April, 2009, is the 50th anniversary of the publication of The  
Elements of Style, a book first written and published privately in  
1918 by William Strunk for his composition students at Cornell, but  
revised and reintroduced to the world by E. B. White half a century ago.

White took English 8 from Strunk in 1919. He then forgot about his  
freshman composition course, and its textbook, until 1957, when a  
friend sent him a copy of The Elements of Style that he had stolen  
from the Cornell library. White wrote about the purloined book in the  
New Yorker (“Letter from the East,” July 27, 1957, pp. 35-36; 41- 45),  
but he apparently didn’t return it to Cornell. Instead, he revised it  
(Strunk had died in 1946), added an introductory essay, and  
republished The Elements of Style in 1959. It immediately became a  
best-seller, and its four editions have sold millions of copies.
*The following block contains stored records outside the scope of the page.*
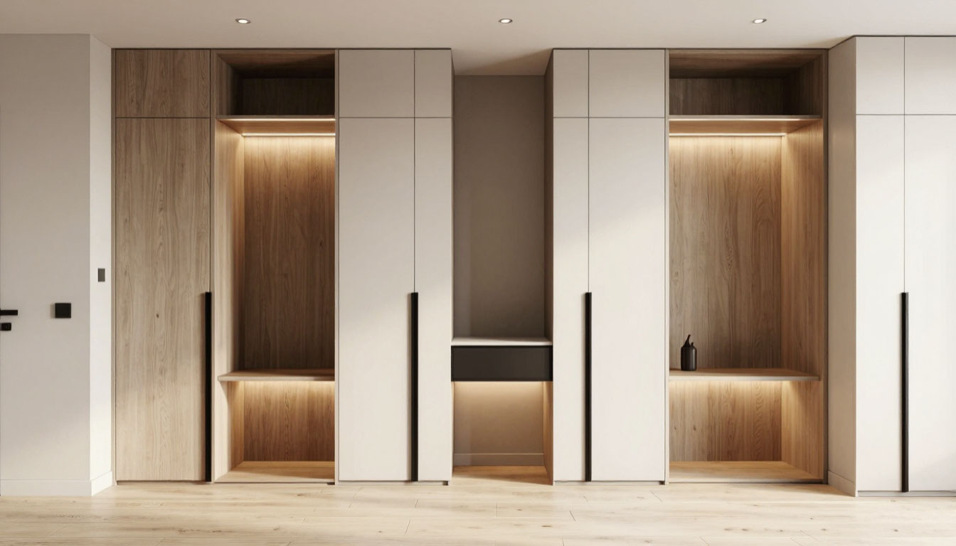 Главный тренд 2026 тотальная интеграция. Мебель больше не ставится к стене как отдельный объект, она становится самой стеной. Дизайнеры называют это «архитектурной мебелью». Шкаф теперь проектируется как продолжение потолка и пола, без зазоров и пылесборников. Такой подход, активно продвигаемый брендами вроде Poliform и Rimadesio, визуально расширяет крошечное пространство типовых прихожих.
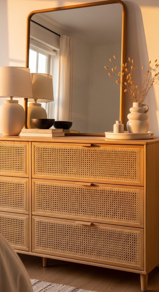 How to get it: Use a cane-front dresser or retrofit flat drawer fronts with cane webbing and half-round trim. Keep the frame in a pale oak, light walnut, or whitewashed finish so the weave remains the star.
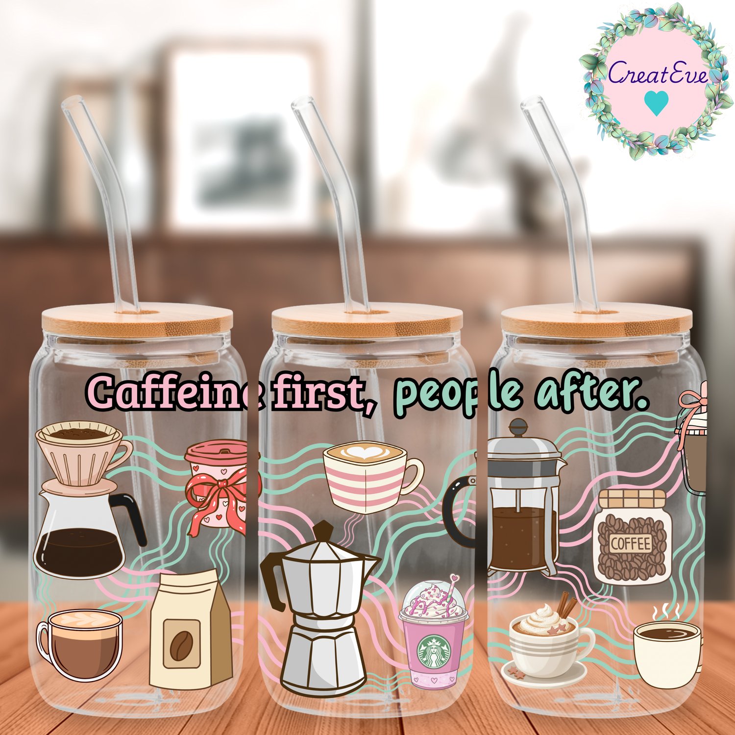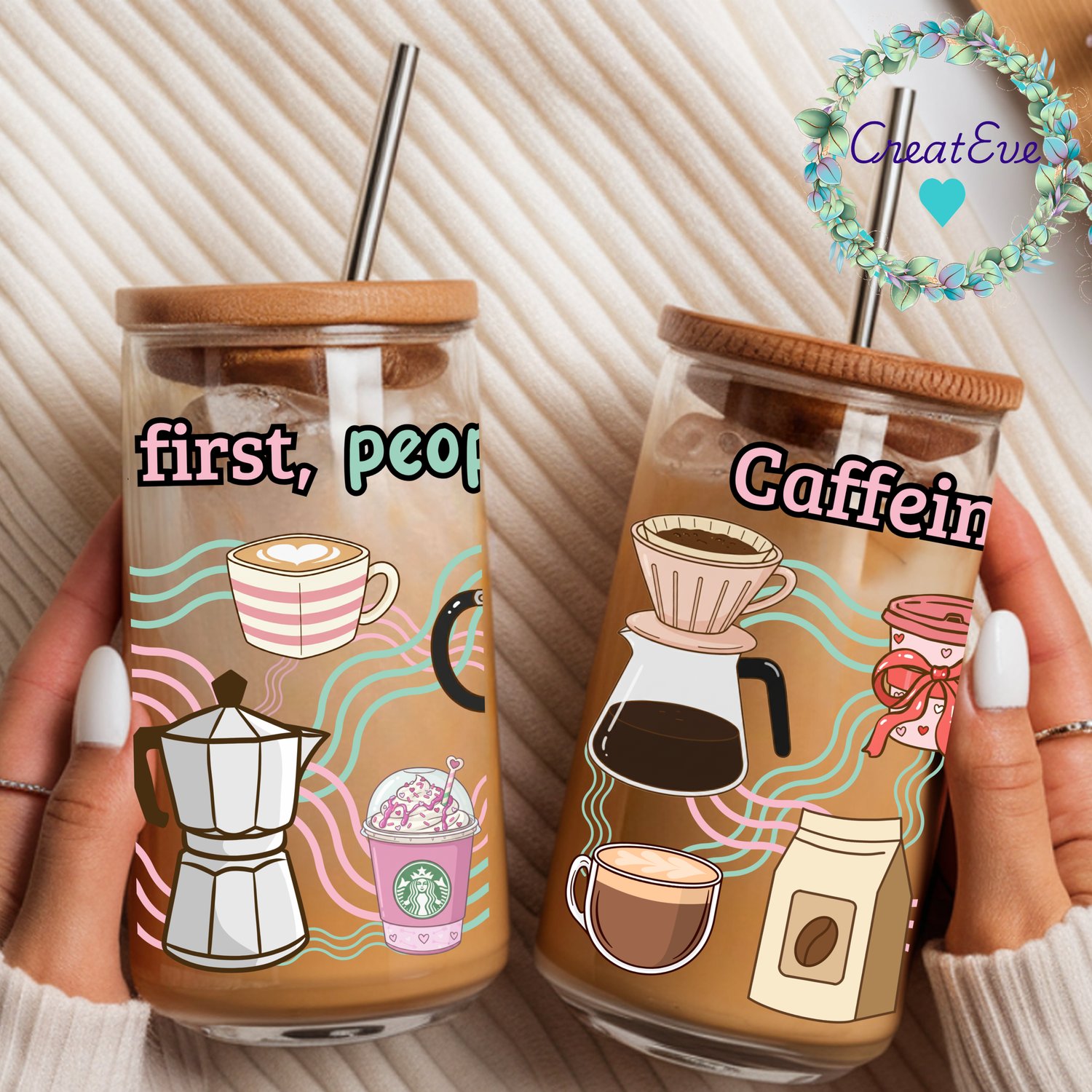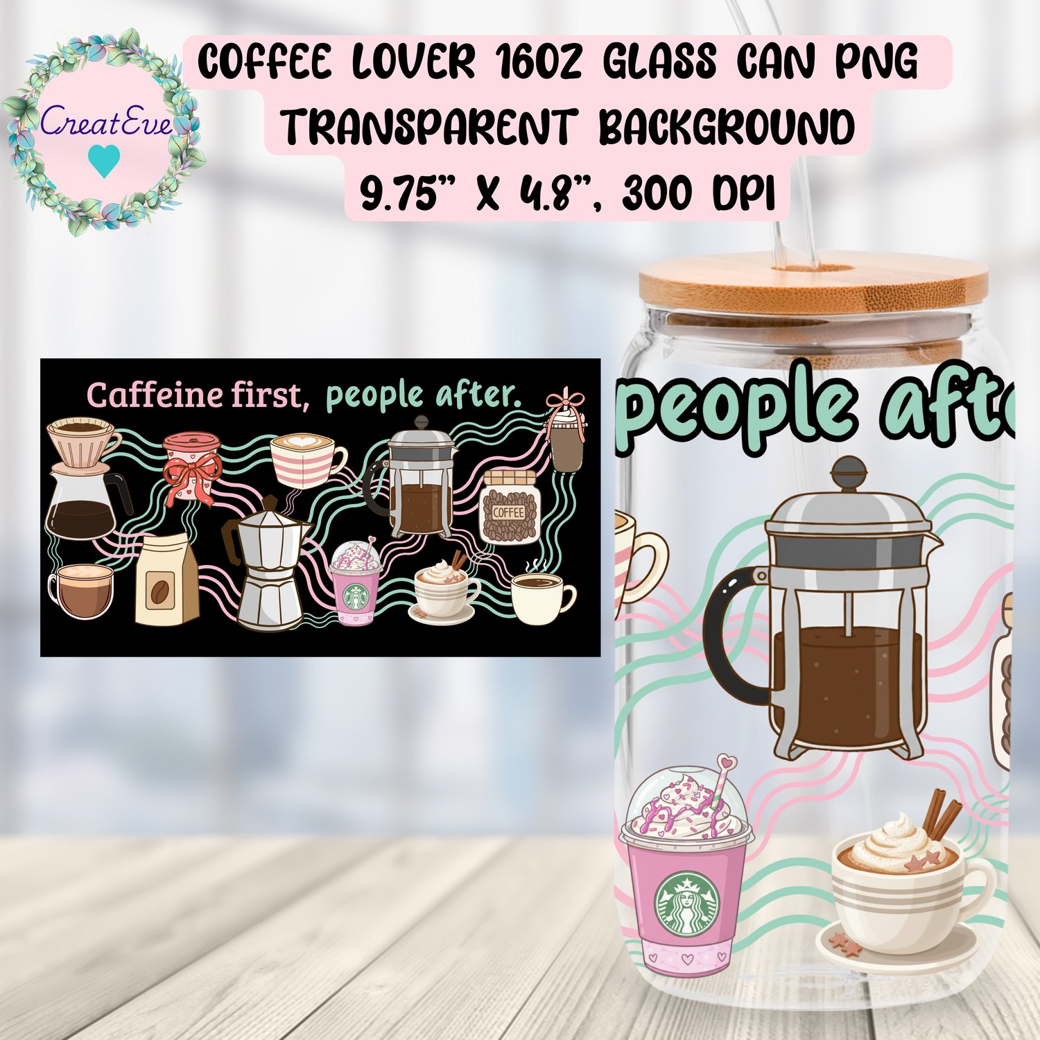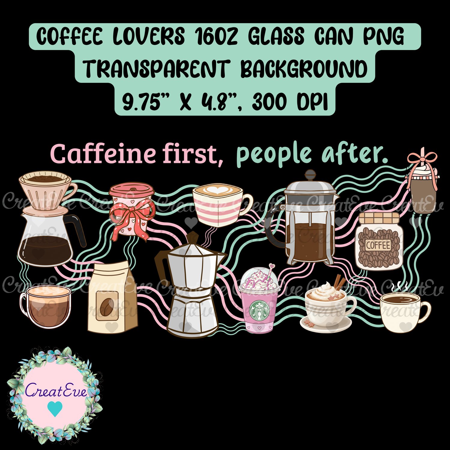Coffee Lovers 16oz Glass Can PNG, Transparent Backgound,, 9.75" x 4.8", 300dpi

No one can really shrink the rules for writers down to an easily- 
swallowed pill, a 43-page essay, or even a long, rambling tome, and  
hope to be successful, because writing doesn’t respond well to  
formulas, and no set of rules can anticipate the situations writers  
have to deal with daily. But true to the spirit of brevity that  
writing teachers often extol, Strunk’s Rule 13 states, “Omit needless  
words,” and that’s pretty much what he did: Strunk only wrote one  
other book, a 73-page study of English meter. . . .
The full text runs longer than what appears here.